The foraging networks of pollinating bees (#304)
Pollinators, such as bees, exploit patchily distributed food resources that replenish over time. The challenge for a forager is analogous to the “Traveling Salesman Problem” in graph theory: finding an efficient route to visit multiple locations once (flowers) and return to the origin (nest), for which there is no simple mathematical solution. Recent laboratory experiments have begun to show how bumblebees with an exclusive access to arrays of artificial flowers develop near-optimal foraging circuits (traplines) maximising nectar intake rates while minimizing overall travel distances as they gain experience. Whether and how these optimisation behaviours are expressed in natural conditions, at large spatial scales when multiple foragers might exploit the same floral resources, is poorly understood. Here I will compare data on bumblebees and honeybees foraging in large arrays of computer controlled flowers equipped with automated tracking systems to simultaneously record the complete foraging history and competitive interactions of multiple individuals over several consecutive hours. I will show how spatial network analyses (in which flight segments are edges and flowers are vertices) can help characterizing and model space use by individuals and colonies, as bees learn the spatial configuration and reward values of available feeding sites.

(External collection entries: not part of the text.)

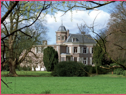
Zorghotel Residentie Jaglust, 's-Graveland (voorbeeld van een zorghotel)

U wilt graag op vakantie en heeft behoefte aan zorg op uw vakantieadres? Zorgeloosweg.nl regelt alles voor u. Hieronder vindt u een overzicht van mogelijke accommodaties.
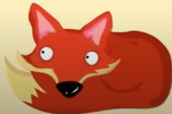
hú li 狐 狸
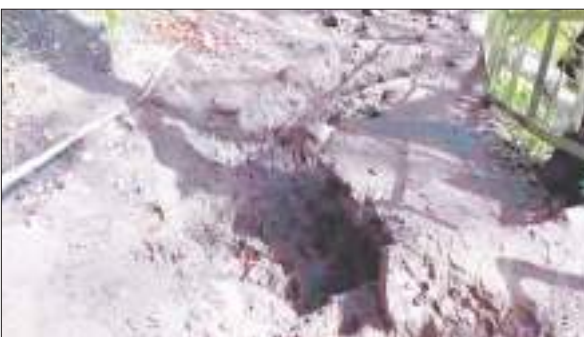
आज इस मार्ग की स्थिति बेहद खराब है। घोड़े-खच्चर चालकों के अनुसार पैदल मार्ग अनेक स्थानों पर बहुत ही खतरनाक और बड़े-बड़े स्टेप सीढ़ियां हैं। कई जगह गड्ढे भी हो रहे हैं। इसकी वजह से कई घोड़े खच्चर तो चढ़ने में ही हांपने
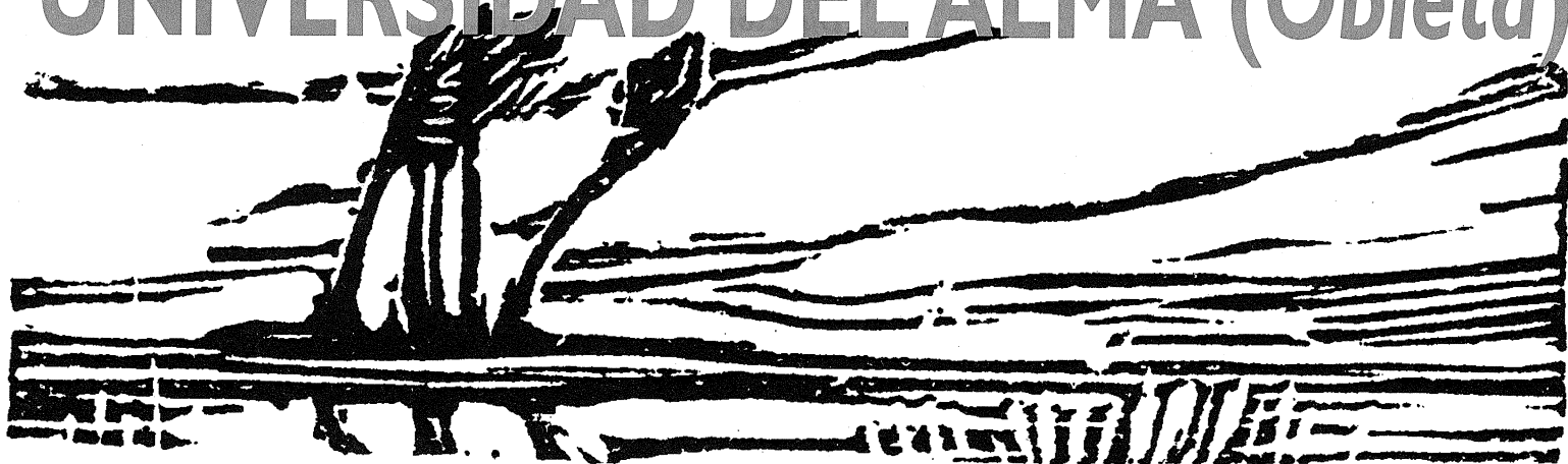
Xilografía de R.Y. Creston
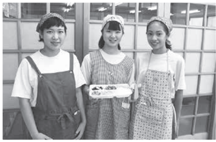
美味しいお弁当ができました！

小出中学校の生徒が8月24日、『ふれあい配食サービス事業』の体験をしました。ベテランのボランティアさんから指導してもらいながら、約150食のお弁当を作り、高齢者や障がい者の元へ届けられました。 『ボランティアスクール』は、他にも、地元にある福祉施設やボランティア団体を知り、体験を通して福祉を身近に感じ、考えるきっかけづくりを目的として市内各地で毎年実施しています。
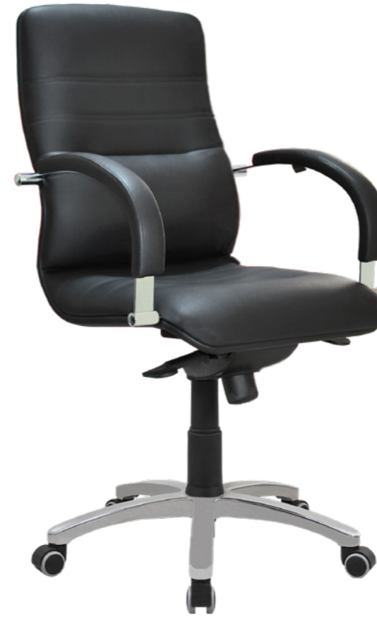
Line 6 A
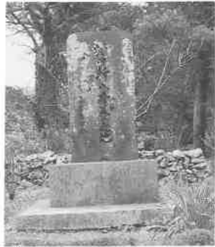
(村田新八修養の地碑)

家の亭主友憲が大の釣好きで、暇な時には昼夜とも磯に行くので彼に与えている。弓弦は、新八が弓の練習をした場所が今も残っており、後に鹿兒島に送り方を依頼した「ユスの棒、手、ころなもの」三本」を使って弓や剣術など武芸の鍛練をしたのであろう。
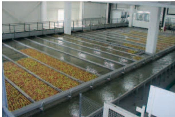
SORTIRNA LINIJA Z 21. VODNIMI KANALI.
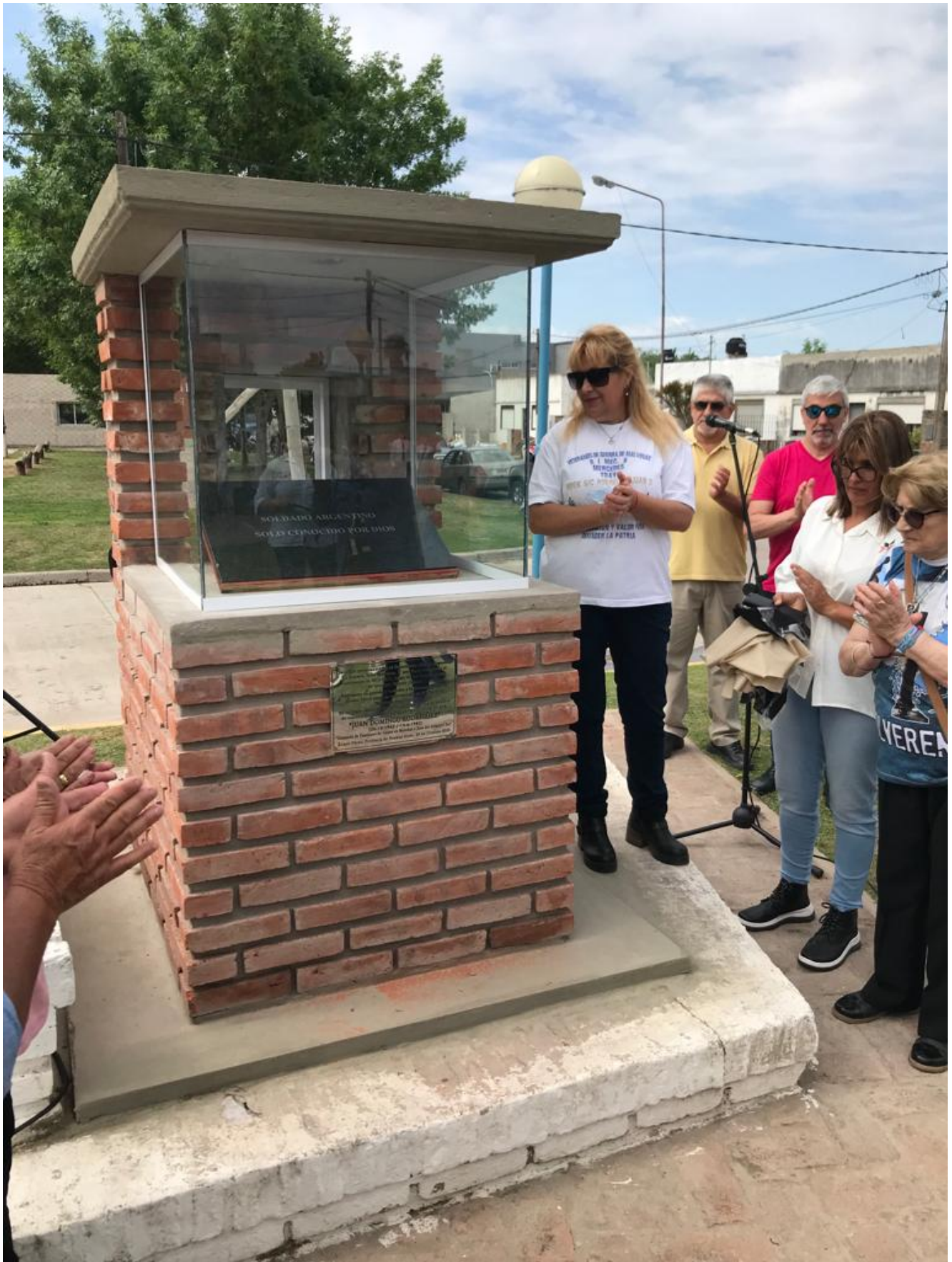
Se construyó un pedestal donde se colocó la placa, que la Comisión de Familiares de Caídos entregó en préstamo al municipio.

- Lihoreau, M., Raine, N. E., Reynolds, A. M., Stelzer, R. J., Lim, K. S., Smith, A. D., Osborne, J. L. & Chittka, L. 2012 Radar tracking and motion-sensitive cameras on flowers reveal the development of pollinator multi-destination routes over large spatial scales. PLoS Biol 10, e1001392.
- Reynolds, A. M., Lihoreau, M. & Chittka, L. 2013 A simple iterative model accurately captures trapline formation by bumblebees across spatial scales and flower arrangements. PLoS Comp Biol 9, e1002938.
- Lihoreau, M., Chittka, L., Le Comber, S. C. & Raine, N. E. 2012 Bees do not use nearest-neighbour rules for optimization of multi-location routes. Biol Lett 8, 13–16.